Clinical trials offer patients unique opportunities to benefit from cutting-edge treatment that may help them more than other current forms of treatment. The main purpose of a clinical trial is to test and decide whether or not a new form of treatment is deemed safe enough to be used in humans.
- The treatment has already been tested
Before a new treatment is deemed fit enough to test on human volunteers, it is first tested on living cancer cells that have been produced in a lab dish or test tube. According to Cancer.org, this is to ensure that the new course of treatment is not likely to harm the human participant.
- You must meet specific eligibility requirements
Volunteers must meet specific standards and requirements in order to be allowed to participate in the clinical trial.
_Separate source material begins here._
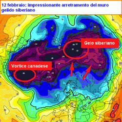 Con un Atlantico così, cari lettori, l’alta russa ha poce chances di venire a trovarci. Una massa d’aria forzata dinamicamente da un getto impetuoso ha sicuramente la meglio su un blocco d’aria inerte, frenato dal suo peso. Le correnti occidentali, che sull’Europa giungono attraverso la via atlantica, torneranno a spingere forte nella prima metà di febbraio e ricacceranno indietro di qualche migliaio di chilometri il muro del freddo russo (figura qui a fianco).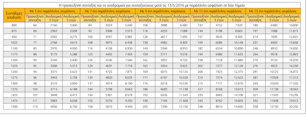 - Συνταξιούχος του 2017 με 5 χρόνια παράλληλης ασφάλισης ως το 2016 και συντάξιμες αποδοχές 800 ευρώ δικαιούται προσαύξηση 60 ευρώ στη σύνταξη με αναδρομικά 5ετίας 3.600 ευρώ.

This may refer to factors of a personal nature such as whether or not you have any illnesses, what type of illness it is, your gender, age and medical history etc.
- You have Rights
Each participant has rights and protections to ensure their safety and to make them feel comfortable during the process of the clinical trial. Such rights include the option to leave the trial at any time during the research period. This means that you do not have to stay despite having already signed-up.
- There are Two Kinds of Costs
According to Every Day Health, there are two types of costs in clinical trials. These are research costs and routine medical care costs. Routine costs are usually taken care of by the clinical trial sponsor whilst routine medical costs are usually bulled to insurance.
- There is more to it than the clinical research team
Despite the fact that the clinical research team will probably be the people you will have most contact with during your time as a volunteer, there are many other contributors, for example, Clinical Trial Assistants, who can be provided by http://www.gandlscientific.com.
- Side Effects will be Treated
One of the main concerns most volunteers have when deciding to participate in a clinical trial is the risk of developing possible side effects as a result of the new treatment. The associated doctor and study team will let you know what is to be expected and if you do experience any side effects, they will be managed by the healthcare team at hand.